I haven’t had time to write anything new for this blog, but here is another review which I posted on livejournal a while ago…
I was very disappointed by Meet John Doe, as the back of the sleeve of the DVD claimed it was dark and sardonic – but instead it turned out to be one of the most sugary movies I’ve ever seen. I hadn’t seen any Frank Capra before this, and was dismayed by this one, although I have since been won over by first Platinum Blonde and then It’s a Wonderful Life.
Spoilers behind the cut
I was tempted by this movie because it is about a newspaper, and I’ve worked in a newspaper office for many years. There is some good satire of the media business, especially the moment when a sign in the office about freedom of speech is replaced with one about a “streamlined age”. But for me it’s all deadened by the overload of false sweetness – plus the fact that all the characters seem to declaim and lecture one another endlessly rather than having remotely believable conversations!
I still think the basic plot is brilliant – a columnist (Barbara Stanwyck) faced with the sack writes and publishes a fake letter to the newspaper from a man using the pseudonym John Doe, who threatens to jump from the top of City Hall in protest over unemployment and corruption in the town.
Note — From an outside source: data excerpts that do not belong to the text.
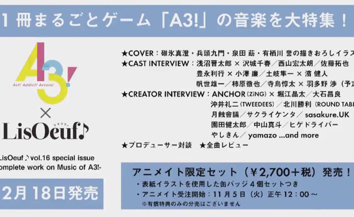 LisOeuf A3!コラボ号(12/18)に、堀江氏とANCHORさんのインタビューが掲載されることが判明しました。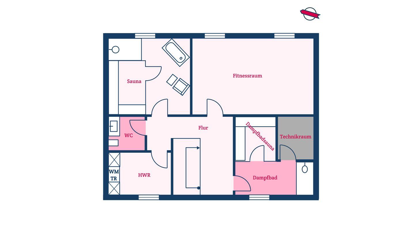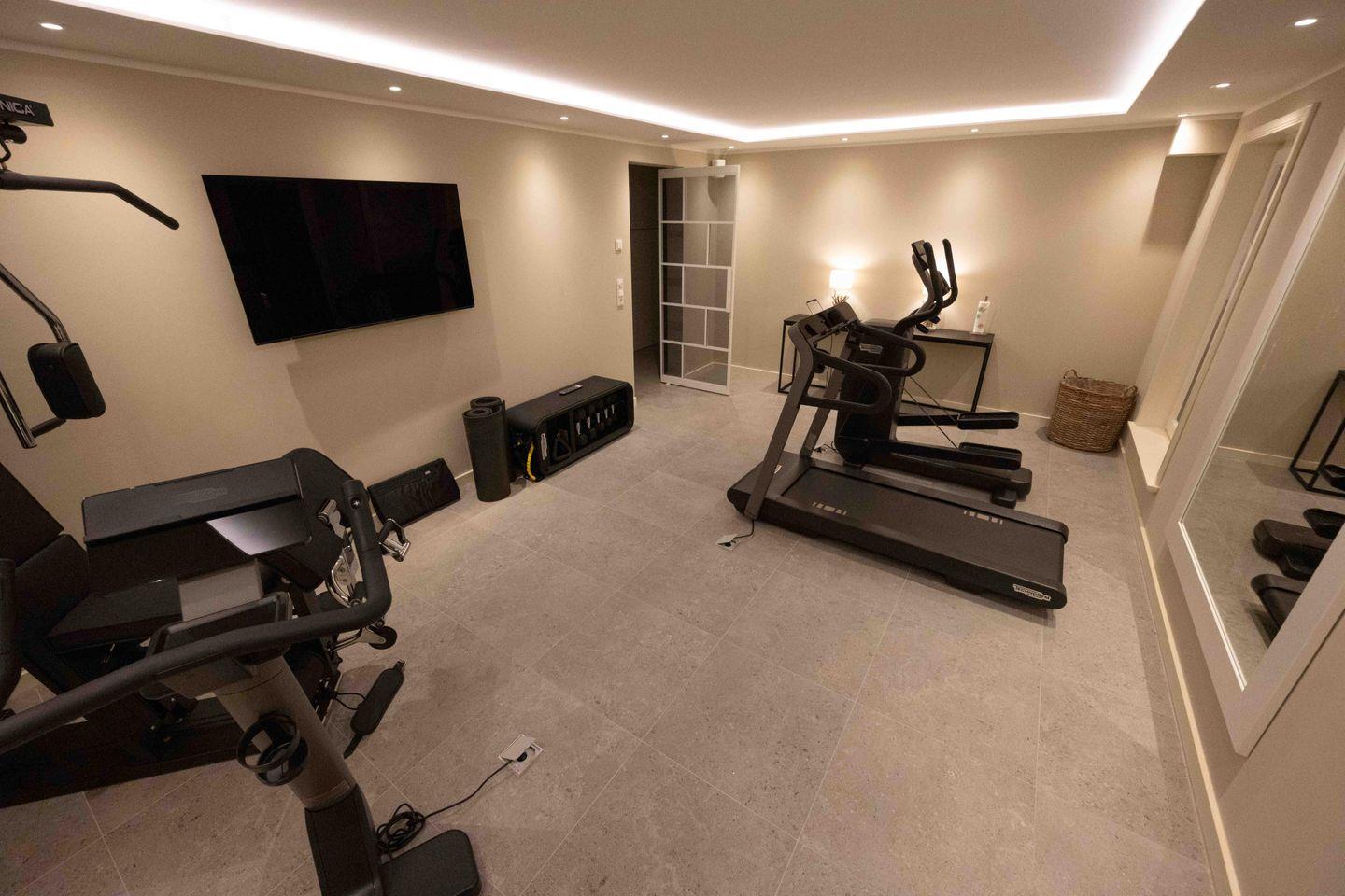 Das Souterrain ist ein weiteres Highlight dieses Hauses. Hier befinden sich neben einem Gäste-WC und einem Hauswirtschaftsraum mit Waschmaschine und Trockner, die großzügige und moderne hauseigene Sauna, mit Whirlwanne und Regendusche sowie ein Fitnessraum mit Geräten der Marke Techno Gym (Laufband, Stepper, Crosstrainer, Hantelbank, Kraftstation, Kleinequipment). Ein stylisches Dampfbad mit Regendusche stehen Ihnen in einem weiteren Raum ebenfalls zur Verfügung.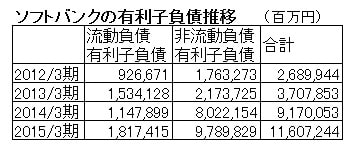 ソフトバンクは、2012年に2兆6千億円だった借金が2015年に11兆円まで激増しています。この理由として考えられるのが、アリババの上場を見越した資産で巨額の借金を抱え込んだ事です。2兆円だった借金は、一気に11兆円に急増しています。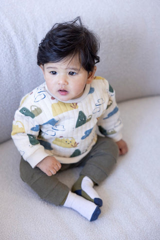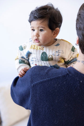 Deze sweater is van het merk Feetje. De trui heeft knoopjes op de schouder. Zo kleed je je kindje makkelijk aan en uit.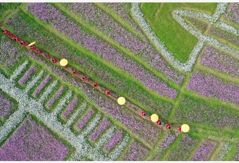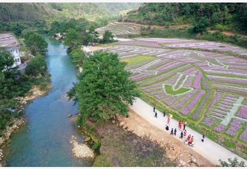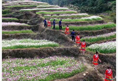 近日,广西百色市德保县城关镇那温村连片花海陆续盛开,吸引了众多游客。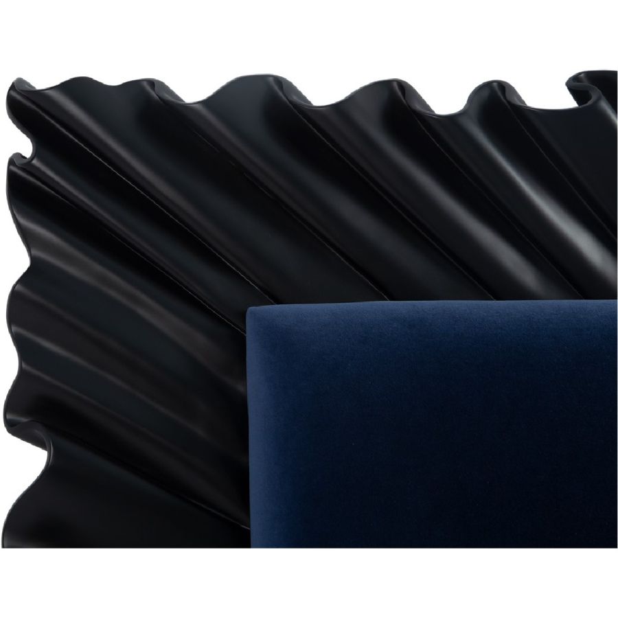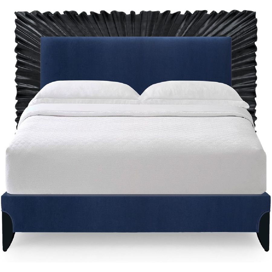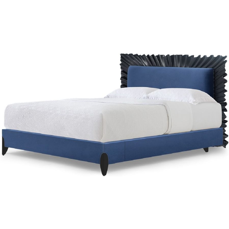 To render a dramatic statement to any bedroom, a flourish of exquisitely hand-carved mahogany in a ruffle design.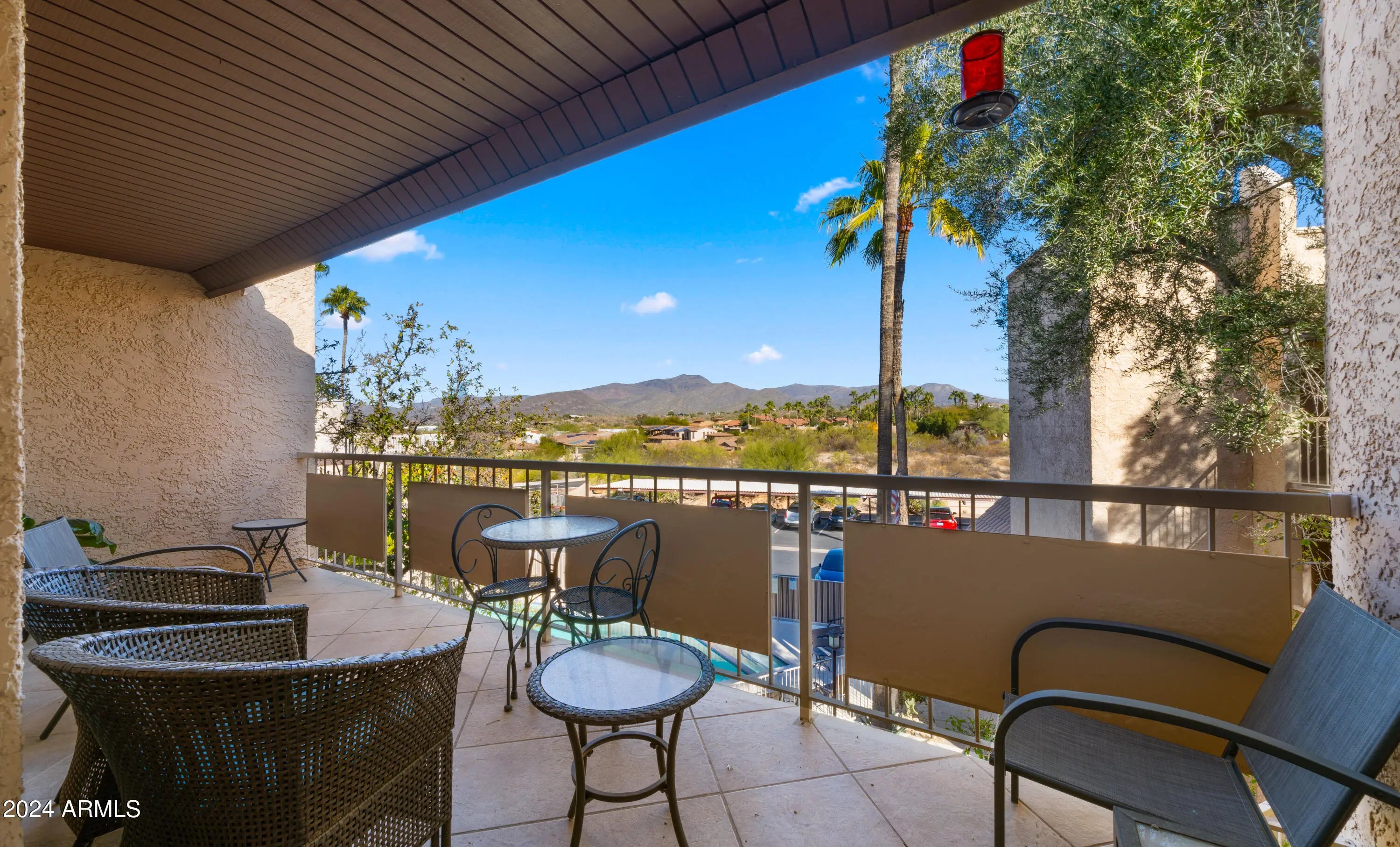 BEST DEAL IN CAREFREE!!! Sunny top floor 2 bed, 2 bath condo with epic views of the Continental Mountains! This recently remodeled unit features tiled floors throughout the entire condo, kitchen with granite counters and stainless steel appliances and washer & dryer. Enjoy your sunrise and sunsets from your terrace. Located across from Carefree Center with all your shopping, restaurants and neighborhood amenities. This HOA features a beautiful community pool, hot tub, ELEVATOR and 2 deeded parking spots. Monthly HOA Fee includes exterior maintenance, roof repair, blanket insurance, pest control, garbage pickup, water, heating & cooling. No dogs allowed but cats okay. 6 month minimum for rentals. Come see why Carefree is a lifestyle!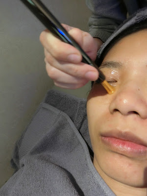 一開始美容師會先洗面,配香薰油以放鬆之作用。然後使用排毒抗氧化溶液,以獨特按摩手法,將眼部毒素排走及增加抗氧化效用。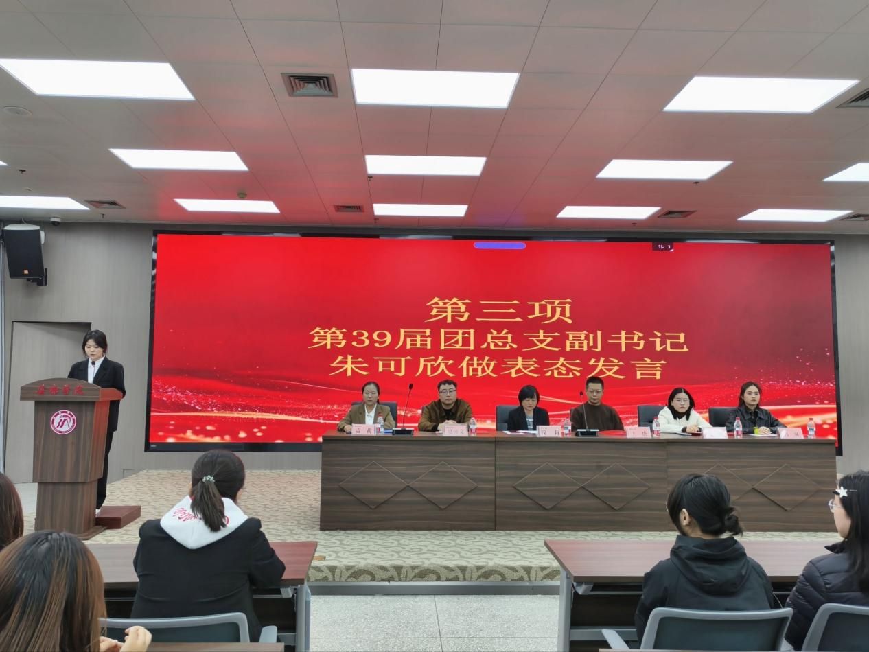 接着,第39届团总支副书记朱可欣代表新一届团总支员工会成员作表态发言。她明确将始终以服务同学为宗旨,秉持“团结、务实、创新、高效”的工作作风,主动担当、积极作为,奋力推动团学工作再上新台阶。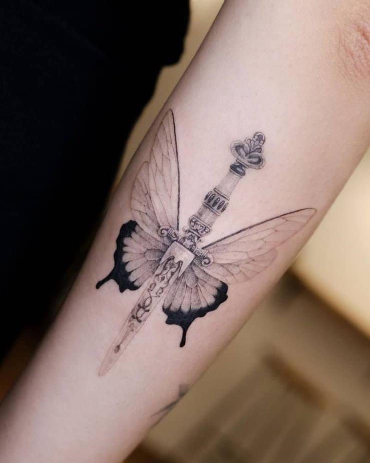Black-and-gray tones with a lyrical twist: a sword interlaced with a butterfly. Strength and purpose paired with freedom and aspiration — a visual reminder to pursue something meaningful without losing your lightness.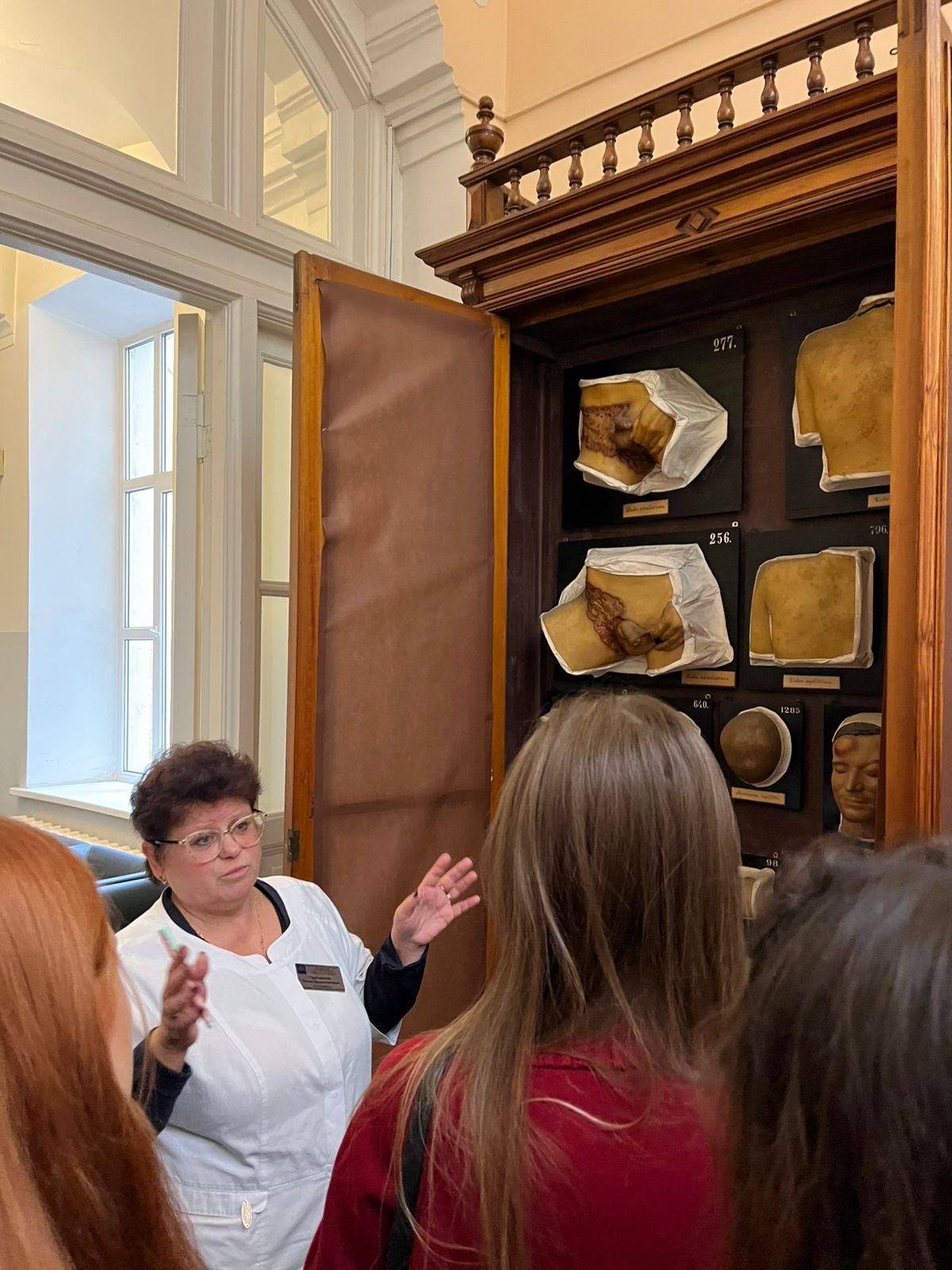Большое впечатление произвело посещение Музея муляжей клиники кожных болезней имени А.И. Рахманова, где были представлены редкие экспонаты, наглядно демонстрирующие эволюцию представлений о дерматологических заболеваниях. Знакомство с историческими артефактами позволило ординаторам ощутить связь времен и преемственность поколений врачей.
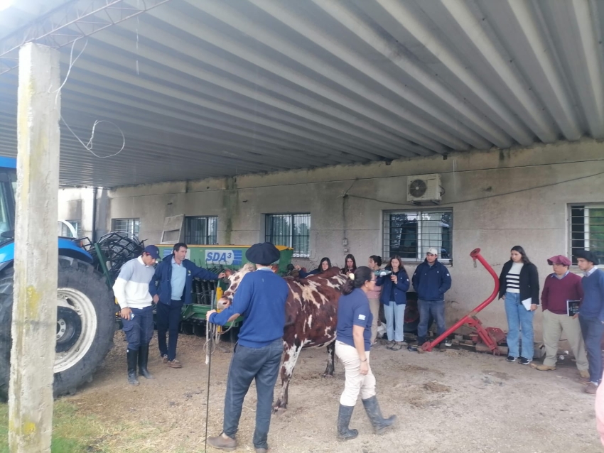 Estudiantes de primer año del Curso Técnico Terciario de la Escuela Agraria de Sarandí Grande realizaron una visita educativa a la Escuela Agraria de Durazno. Durante la jornada, la instructora Evangelina Barceló compartió con los alumnos sus conocimientos y experiencias sobre el cuidado y manejo de animales en cabaña de raza Normando, permitiendo a los jóvenes ampliar su formación práctica en producción animal y conocer de cerca las particularidades de esta raza bovina.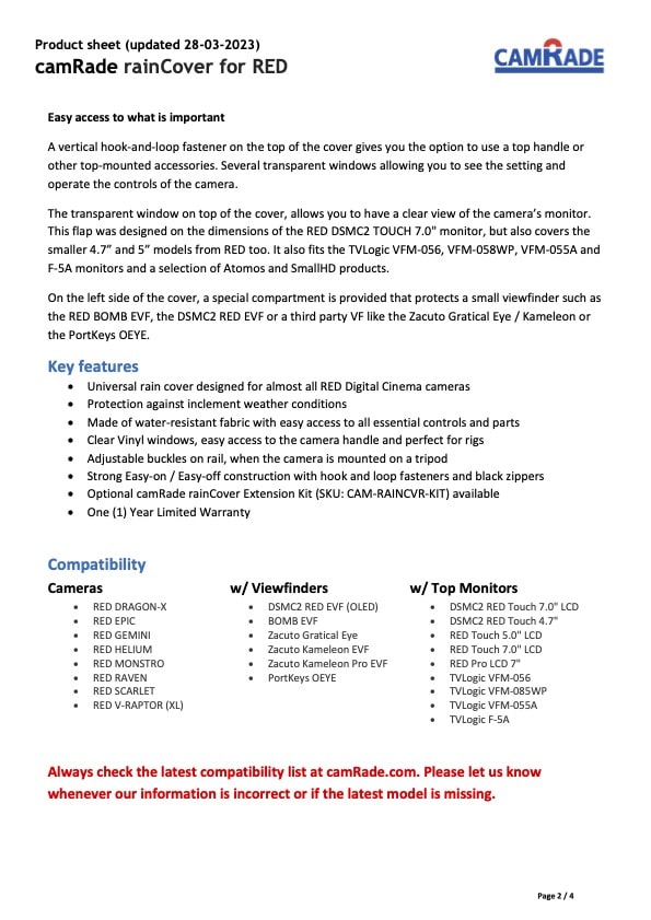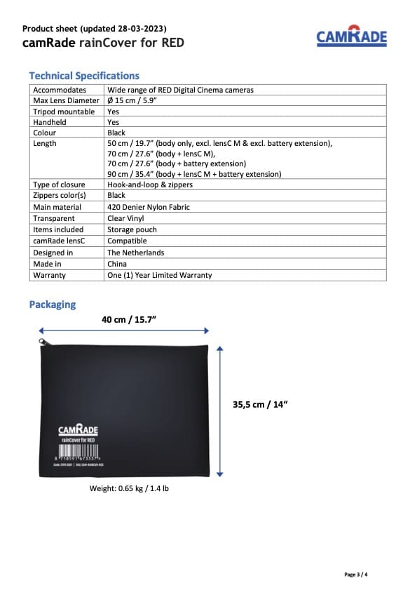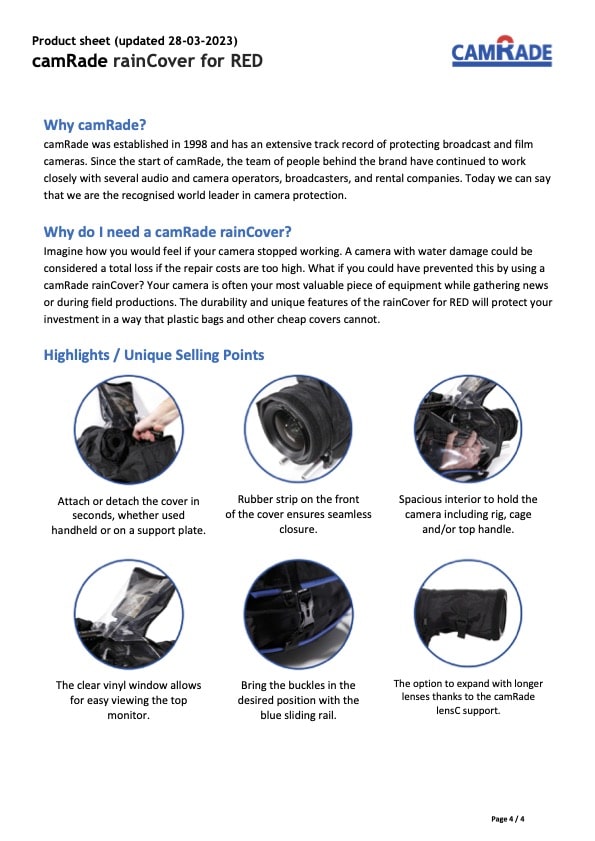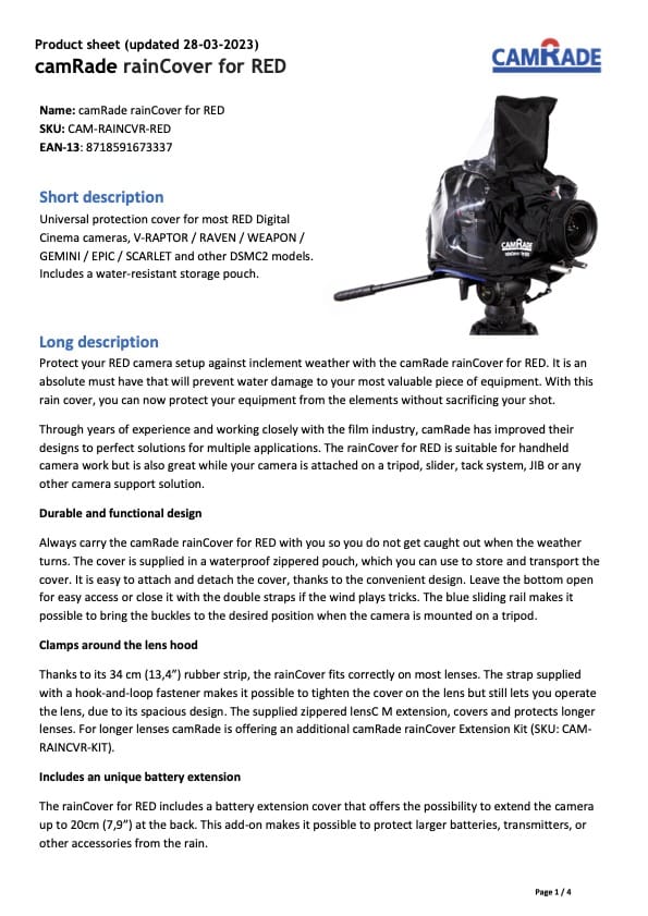 Optional camRade rainCover Extension Kit (SKU: CAM-RAINCVR-KIT) available

Then a down-and-out (injured sportsman Gary Cooper) is hired to portray the character of Doe, and ends up becoming just as disillusioned as his fictional counterpart. But the whole terrible logic of this story is that “Doe”should end up committing suicide – which I understand is what happened in the original tale, and also in the first-filmed ending – and it seems like something of a cop-out when, instead, John (Cooper) turns back from the brink.
Part of the plot is a satire on fascism, with thousands of “ordinary John Does” mindlessly following Doe after he gives a supposedly inspiring speech – but this portrayal of ordinary people is again incredibly sugary, with them all apparently being so sweet and good and neighbourly as to be totally unbelievable!
Stanwyck and Cooper are both fine in their roles, and I’d like to see both of them in films which do their talents greater justice.